Start of DATA EXTRACTS
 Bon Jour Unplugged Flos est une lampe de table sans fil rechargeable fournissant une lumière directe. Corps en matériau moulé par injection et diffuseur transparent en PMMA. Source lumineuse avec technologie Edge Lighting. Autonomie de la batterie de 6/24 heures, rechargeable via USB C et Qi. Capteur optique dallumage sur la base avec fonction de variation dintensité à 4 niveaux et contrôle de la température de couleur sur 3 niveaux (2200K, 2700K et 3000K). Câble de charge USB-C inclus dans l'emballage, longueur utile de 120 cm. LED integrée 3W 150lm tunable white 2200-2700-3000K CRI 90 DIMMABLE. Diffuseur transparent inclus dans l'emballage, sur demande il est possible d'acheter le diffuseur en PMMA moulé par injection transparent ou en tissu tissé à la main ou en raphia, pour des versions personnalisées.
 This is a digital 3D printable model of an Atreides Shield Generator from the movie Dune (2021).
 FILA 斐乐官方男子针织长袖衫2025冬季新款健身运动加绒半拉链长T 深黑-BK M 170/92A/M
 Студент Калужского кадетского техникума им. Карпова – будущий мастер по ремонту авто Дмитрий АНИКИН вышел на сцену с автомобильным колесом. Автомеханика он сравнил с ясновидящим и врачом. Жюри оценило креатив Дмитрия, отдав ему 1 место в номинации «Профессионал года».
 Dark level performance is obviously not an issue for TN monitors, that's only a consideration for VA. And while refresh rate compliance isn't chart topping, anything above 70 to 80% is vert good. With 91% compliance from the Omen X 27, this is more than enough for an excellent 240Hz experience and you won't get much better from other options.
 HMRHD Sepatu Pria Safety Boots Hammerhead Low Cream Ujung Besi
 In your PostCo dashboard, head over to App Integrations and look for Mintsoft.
End of DATA EXTRACTS
Begin with the top line of the material and go as far as the line with "HMRHD Sepatu Pria". Set down those lines exactly, both ends included, and nothing more.

 Bon Jour Unplugged Flos est une lampe de table sans fil rechargeable fournissant une lumière directe. Corps en matériau moulé par injection et diffuseur transparent en PMMA. Source lumineuse avec technologie Edge Lighting. Autonomie de la batterie de 6/24 heures, rechargeable via USB C et Qi. Capteur optique dallumage sur la base avec fonction de variation dintensité à 4 niveaux et contrôle de la température de couleur sur 3 niveaux (2200K, 2700K et 3000K). Câble de charge USB-C inclus dans l'emballage, longueur utile de 120 cm. LED integrée 3W 150lm tunable white 2200-2700-3000K CRI 90 DIMMABLE. Diffuseur transparent inclus dans l'emballage, sur demande il est possible d'acheter le diffuseur en PMMA moulé par injection transparent ou en tissu tissé à la main ou en raphia, pour des versions personnalisées.
 This is a digital 3D printable model of an Atreides Shield Generator from the movie Dune (2021).
 FILA 斐乐官方男子针织长袖衫2025冬季新款健身运动加绒半拉链长T 深黑-BK M 170/92A/M
 Студент Калужского кадетского техникума им. Карпова – будущий мастер по ремонту авто Дмитрий АНИКИН вышел на сцену с автомобильным колесом. Автомеханика он сравнил с ясновидящим и врачом. Жюри оценило креатив Дмитрия, отдав ему 1 место в номинации «Профессионал года».
 Dark level performance is obviously not an issue for TN monitors, that's only a consideration for VA. And while refresh rate compliance isn't chart topping, anything above 70 to 80% is vert good. With 91% compliance from the Omen X 27, this is more than enough for an excellent 240Hz experience and you won't get much better from other options.
 HMRHD Sepatu Pria Safety Boots Hammerhead Low Cream Ujung Besi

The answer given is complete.